Pasteur emprisonné: Ankara défie Washington et la livre turque chute

Le pasteur américain Andrew Brunson
Photo: Emre Tazegul Associated Press Le pasteur américain Andrew Brunson

La Turquie a maintenu vendredi l’assignation à résidence d’un pasteur américain, en dépit de nouvelles menaces de sanctions des États-Unis, qui ont mis à mal la livre turque et auxquelles Ankara a promis de répliquer.

Un tribunal d’Izmir a rejeté vendredi un nouveau recours du pasteur Andrew Brunson, dont le sort est au coeur de l’une des plus graves crises diplomatiques entre Ankara et Washington, deux alliés au sein de l’OTAN, depuis près d’un demi-siècle.

Cette décision survient au lendemain de nouvelles pressions américaines : le secrétaire au Trésor Steven Mnuchin a prévenu jeudi que Washington prendrait des sanctions supplémentaires si Ankara ne libérait pas le pasteur Brunson.

Ces menaces ont été balayées par Ankara vendredi. « Nous avons répliqué [aux sanctions américaines] en accord avec les règles de l’OMC et nous continuerons de le faire », a déclaré la ministre turque du Commerce, Ruhsar Pekcan, citée par l’agence étatique Anadolu.

Alors que la crise diplomatique ne montre aucun signe d’apaisement, la livre turque, qui a pourtant repris des couleurs cette semaine après une spectaculaire débâcle, piquait à nouveau du nez vendredi.

Vers 16 h 00 GMT (09 h 00 au Québec), la devise turque perdait environ 4 % face au dollar, comparé à jeudi soir, repassant au-dessus de la barre des 6 livres pour un billet vert.

Le pasteur Brunson a été placé le mois dernier en résidence surveillée après plus d’un an et demi d’incarcération.
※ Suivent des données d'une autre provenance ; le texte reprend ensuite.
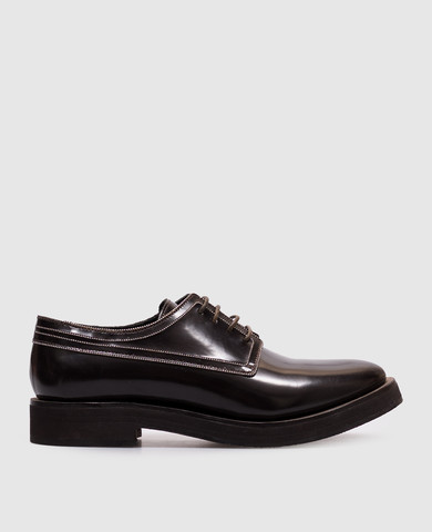 Коричневі шкіряні туфлі з ланцюжком моніль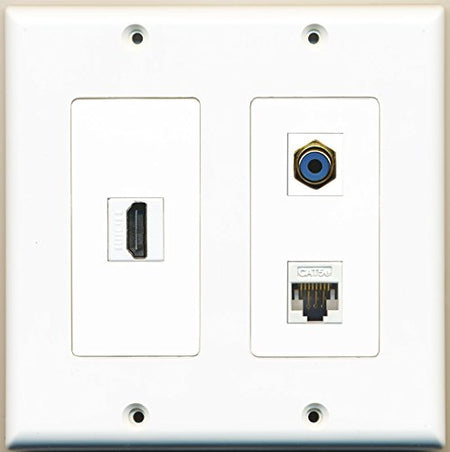 RiteAV - 1 Port HDMI 1 Port RCA Blue 1 Port Cat5e Ethernet White - 2 Gang Wall Plate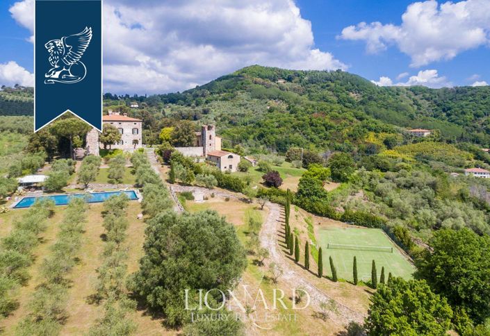 This luxury period estate for sale is located near Pisa. This three-storey property is entirely made of stone, has three small towers, measures 1,200 m2 and features spacious and bright rooms decorated with frescoes. This property is surrounded by a 3-hectares park, home to a beautiful olive grove and a swimming pool and a tennis court.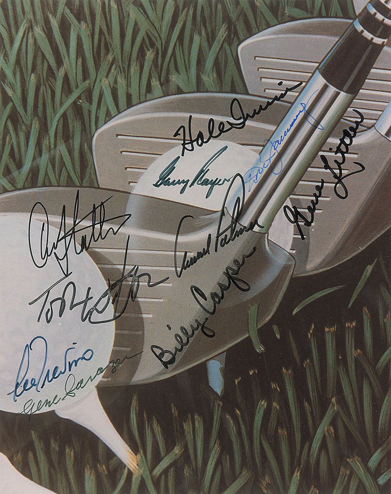 Color glossy 8 x 10 photo of an artist’s rendition of a golf club striking a ball, signed in various color felt tip by 10 greats: Arnold Palmer, Gene Sarazen, Craig Stadler, Tom Watson, Lee Trevino, Hale Irwin, Gary Player, Billy Casper, Don January, and Gene Littler. In fine condition.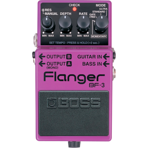 Building on the 20-year legacy of the famous BOSS BF-2, the new BF-3 flanger pedal gives guitarists and bassists an updated version of the classic BOSS flanger with the thickest stereo flanging sounds ever. Two new modes (Ultra and Gate/Pan) create stereo flanging with incredible depth--even Slicer-type effects and sounds that seem to "swirl" around the listener. An instant classic.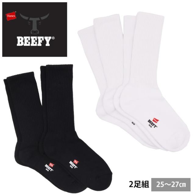 靴下 メンズ ヘインズ Hanes ビーフィー ソックス フルレングス 長め ハイソックス ソックス2P HMSBW001 メンズソックス スポーツソックス 通勤 通学 ブランド ロゴ ワンポイント 2枚組 2セット BEEFY
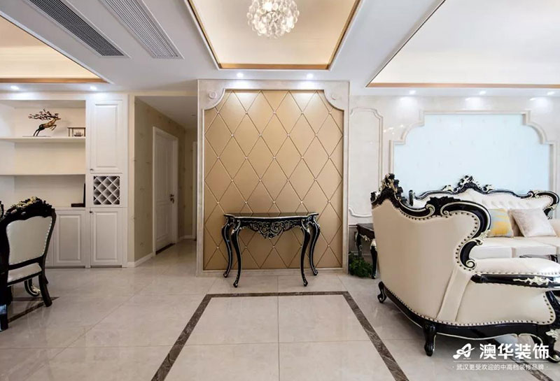 ? 歐式風格的客廳,背景墻材料上以石材為主,結合墻板,用墻布進行點綴,看起來非常典雅。頂面運用金屬線條的設計,配上精心挑選的歐式造型家具,讓整體感覺既奢華又低調,還帶有一點小小的浪漫。獨特的隱形門設計,讓整體效果更完美。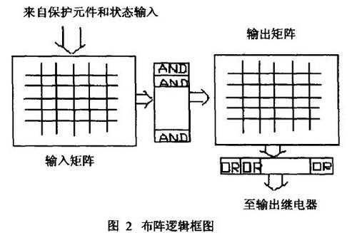 以上所有發(fā)電機(jī)組用的保護(hù)功能都是組合在一個(gè)布陣邏輯陣列中,該布陣邏輯監(jiān)視保護(hù)功能和邏輯輸入的狀態(tài), 并通過邏輯功能控制繼電器輸出。布陣邏輯是以軟件為基礎(chǔ),所以能用最少的成本和布線綜合入繼電器中,并通過修改繼電器的設(shè)定值使其易于重新配置。為了適合不同發(fā)電機(jī)的運(yùn)用,布陣邏輯是可變和可配置的,同時(shí)還允許某些閉鎖和互鎖邏輯的應(yīng)用。LGPG111布陣邏輯具有可編程邏輯陣列的設(shè)備中平常能找到的結(jié)構(gòu),如圖2所示。圖中示出了其內(nèi)部AND-OR(與一或)結(jié)構(gòu)。當(dāng)AND函數(shù)為2個(gè)或多個(gè)輸入或恰好通過1個(gè)輸入連接提供閉鎖和互鎖時(shí),0R函數(shù)允許1個(gè)或多個(gè)AND函數(shù)輸出, 以控制各個(gè)輸出繼電器。輸入和輸出矩陣允許建立所需的連接,該矩陣的每個(gè)交叉代表可編程的相互連接。只要計(jì)及相應(yīng)的相互連接及向繼電器輸入信息,通過該布陣邏輯的設(shè)定,就可以配置所需的跳閘邏輯。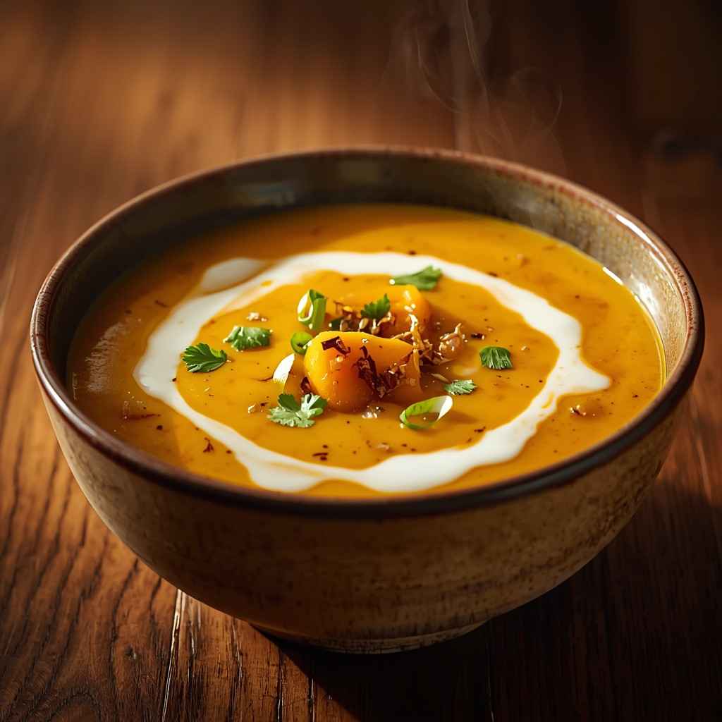 Pumpkin Curry Soup with Coconut Cream is a rich, velvety, and aromatic soup inspired by Southeast Asian flavors. It combines the natural sweetness of pumpkin with savory curry spices and luxurious coconut milk, creating an irresistible balance of warmth and creaminess.
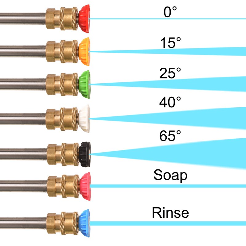 7 puntas de boquilla tienen diferentes ángulos. Reemplaza la boquilla de acuerdo con la necesidad real de obtener diferentes patrones de pulverización. Conveniente accesorio plug and play para la mayoría de marcas de lavadoras a presión.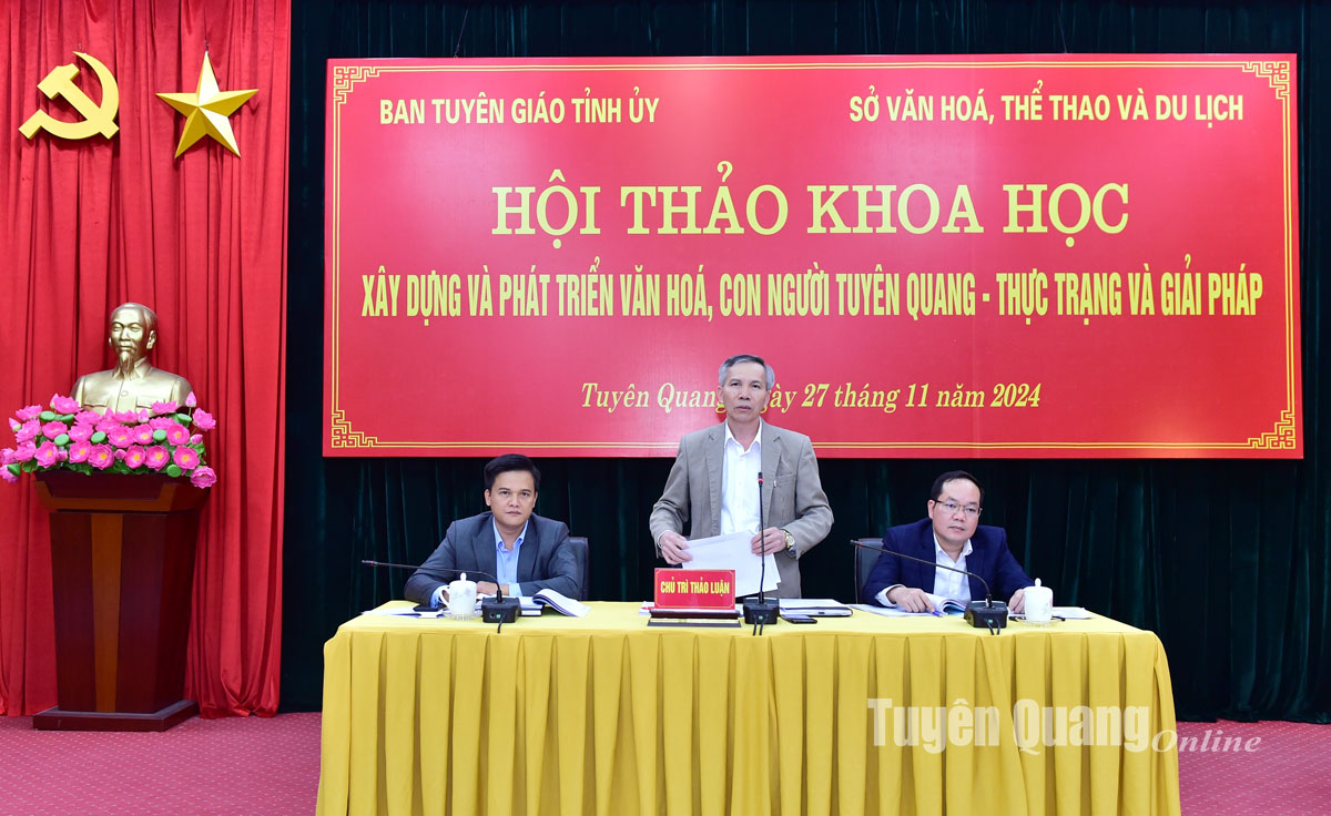 Chiều 27-11, tại Trung tâm Thông tin - Hội nghị tỉnh, Ban Tuyên giáo Tỉnh ủy phối hợp với Sở Văn hóa - Thể thao và Du lịch tổ chức Hội thảo khoa học “Xây dựng và phát triển văn hóa, con người Tuyên Quang - Thực trạng và giải pháp”.
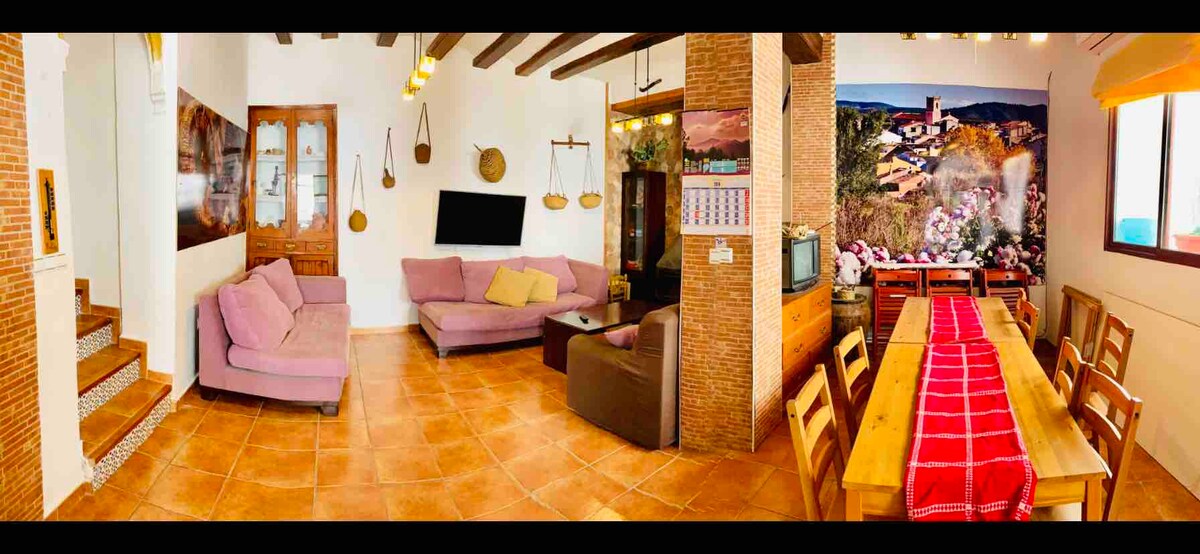 "Una casa con Alma" Alojamiento turístico en Siete Aguas (Valencia), 322 m2 de vivienda, parcela de 4555 m2, capacidad 14 huéspedes, 6 habitaciones, 2 cuartos de baño, piscina, barbacoa y aparcamiento para 5 vehículos. La villa cuenta con todo lo necesario; cocina completamente equipada, secador de pelo, gel, champú, botiquín, toallas, leña, lavadora, secadora... Wifi de alta velocidad A 50 km de la playa, a 2 km de Siete Aguas y 20 de Requena. Casa completamente equipada.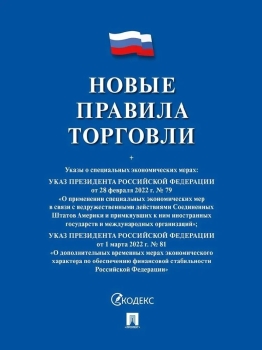 В сборник включены основные нормативные акты, регулирующие отношения, возникающие между продавцом и покупателем и определяющие требования в области продажи товаров, в том числе Указы Президента Российской Федерации от 28 февраля 2022 г. № 79 «О применении специальных экономических мер в связи с недружественными действиями Соединенных Штатов Америки и примкнувших к ним иностранных государств и международных организаций» и от 1 марта 2022 г. № 81 «О дополнительных временных мерах экономического характера по обеспечению финансовой стабильности Российской Федерации». В настоящем издании нормативные документы приводятся с учетом изменений, принятых нормативными актами, опубликованными на дату подписания издания в печать. Для широкого круга читателей.

Ankara l’accuse d’espionnage et d’activités « terroristes », ce qu’il dément.

Son avocat en Turquie, Cem Halavurt, a indiqué à l’AFP qu’il ferait appel de la décision du tribunal dans une quinzaine de jours.

Jeudi, le président américain Donald Trump avait une nouvelle fois plaidé sur Twitter pour la libération d’Andrew Brunson, « un merveilleux Pasteur chrétien ». « La Turquie a profité des États-Unis pendant beaucoup d’années », a grondé M. Trump.

Inquiétudes sur les marchés

Gel des avoirs de ministres de part et d’autre, augmentation réciproque des tarifs douaniers sur certains produits… : les sanctions déjà prononcées par Washington et la prise de mesures similaires par Ankara ont créé un vent de panique sur les marchés.

Le ministre turc des Finances Berat Albayrak, gendre du président Recep Tayyip Erdogan, s’est toutefois efforcé de se montrer rassurant jeudi au cours d’une téléconférence inédite avec plusieurs milliers d’investisseurs.

Il a affirmé que son pays « émergerait encore plus fort » de la crise de la livre, dont la valeur a fondu d’environ 40 % par rapport au dollar cette année.

Il a également rejeté les éventualités d’un plan d’aide du Fonds monétaire international (FMI) ou d’un recours au contrôle des capitaux.

Mais son allocution n’a pas suffi à rasséréner les marchés, le cabinet de conseil Capital Economics jugeant ainsi sa performance « modérément convaincante ».

Outre les tensions avec les États-Unis, les économistes restent également préoccupés par la mainmise de M. Erdogan sur l’économie.

Les marchés ont sévèrement sanctionné le refus de la banque centrale de relever ses taux d’intérêts le mois dernier, en dépit de la chute de la monnaie nationale et d’une inflation galopante. M. Erdogan, partisan de la croissance à tout prix, s’y oppose fermement.

Pour l’agence de notation Fitch, les mesures annoncées sont ainsi « incomplètes » et « il est peu probable qu’elles permettent seules de stabiliser durablement la devise et l’économie ».

Pour cela, il faudrait « une hausse de la crédibilité des politiques et de l’indépendance de la banque centrale, la tolérance d’une croissance plus faible et une réduction des déséquilibres macroéconomiques et financiers », estime l’agence dans un communiqué diffusé vendredi.

Dans la tourmente financière, la Turquie a néanmoins reçu un soutien de poids mercredi : le Qatar a promis d’investir 15 milliards de dollars dans le pays.

Par ailleurs, M. Erdogan s’est entretenu cette semaine avec la chancelière allemande Angela Merkel et le président français Emmanuel Macron, signe qu’Ankara veut se rapprocher de l’Europe après deux années de tensions liées à la situation des droits de l’homme en Turquie.

La justice turque a ordonné mardi la libération de deux soldats grecs et mercredi du président d’Amnesty International en Turquie, des décisions inattendues dans deux affaires très critiquées en Europe.